§ **Task to complete**:
Nothing but the exact text of the entries should appear in your answer; pictures stay out.

•••

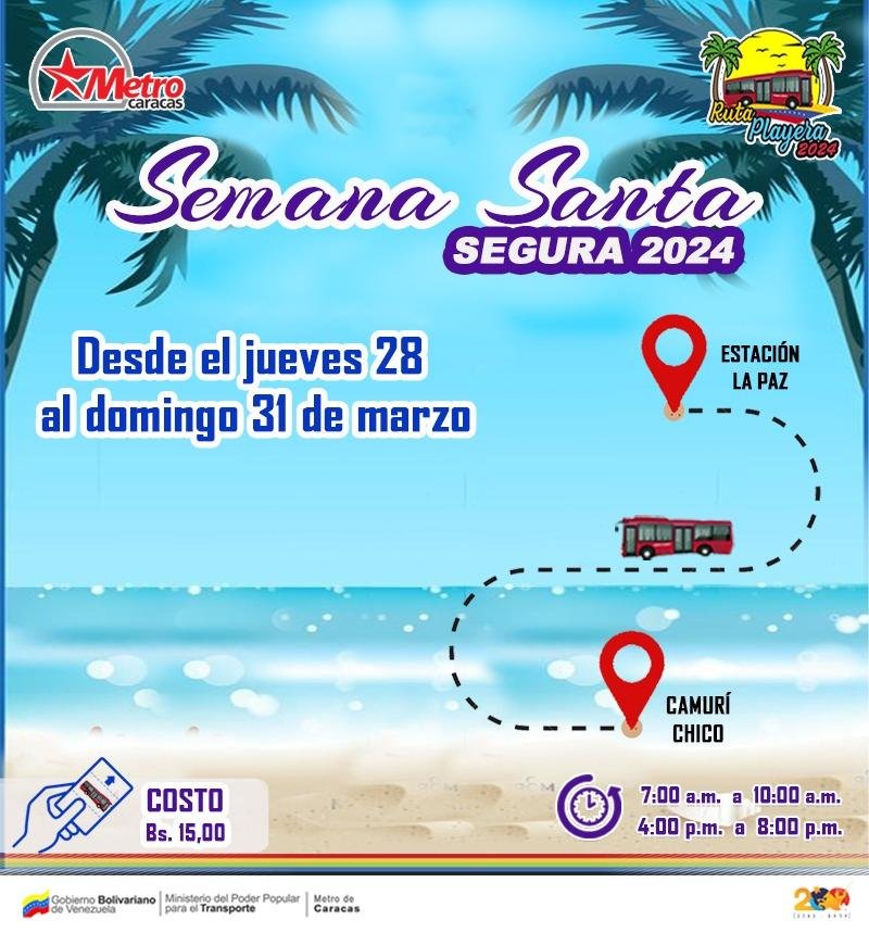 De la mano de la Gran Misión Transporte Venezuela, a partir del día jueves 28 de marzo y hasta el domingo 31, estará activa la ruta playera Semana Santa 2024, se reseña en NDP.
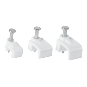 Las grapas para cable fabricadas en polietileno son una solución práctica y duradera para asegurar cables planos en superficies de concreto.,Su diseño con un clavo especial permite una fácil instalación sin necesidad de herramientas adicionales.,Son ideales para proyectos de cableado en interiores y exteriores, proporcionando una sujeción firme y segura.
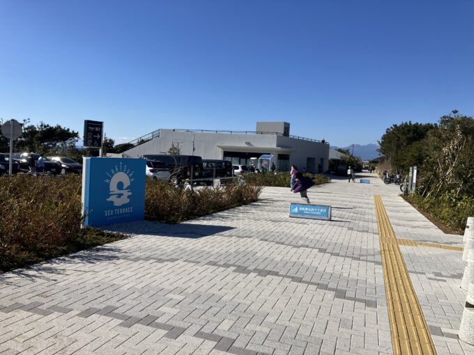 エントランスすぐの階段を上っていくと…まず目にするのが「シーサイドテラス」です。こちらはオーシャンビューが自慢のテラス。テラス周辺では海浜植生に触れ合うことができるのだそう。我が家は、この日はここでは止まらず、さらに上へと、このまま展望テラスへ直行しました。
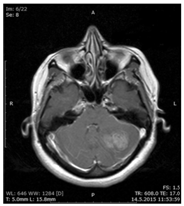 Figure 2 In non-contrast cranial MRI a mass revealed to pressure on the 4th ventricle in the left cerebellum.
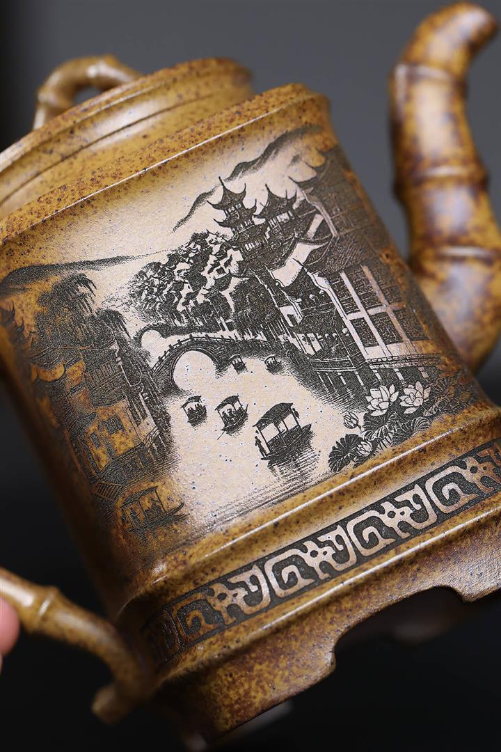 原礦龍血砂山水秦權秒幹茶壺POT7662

•••

§ **Your solution**:
 De la mano de la Gran Misión Transporte Venezuela, a partir del día jueves 28 de marzo y hasta el domingo 31, estará activa la ruta playera Semana Santa 2024, se reseña en NDP.
 Las grapas para cable fabricadas en polietileno son una solución práctica y duradera para asegurar cables planos en superficies de concreto.,Su diseño con un clavo especial permite una fácil instalación sin necesidad de herramientas adicionales.,Son ideales para proyectos de cableado en interiores y exteriores, proporcionando una sujeción firme y segura.
 エントランスすぐの階段を上っていくと…まず目にするのが「シーサイドテラス」です。こちらはオーシャンビューが自慢のテラス。テラス周辺では海浜植生に触れ合うことができるのだそう。我が家は、この日はここでは止まらず、さらに上へと、このまま展望テラスへ直行しました。
 Figure 2 In non-contrast cranial MRI a mass revealed to pressure on the 4th ventricle in the left cerebellum.
 原礦龍血砂山水秦權秒幹茶壺POT7662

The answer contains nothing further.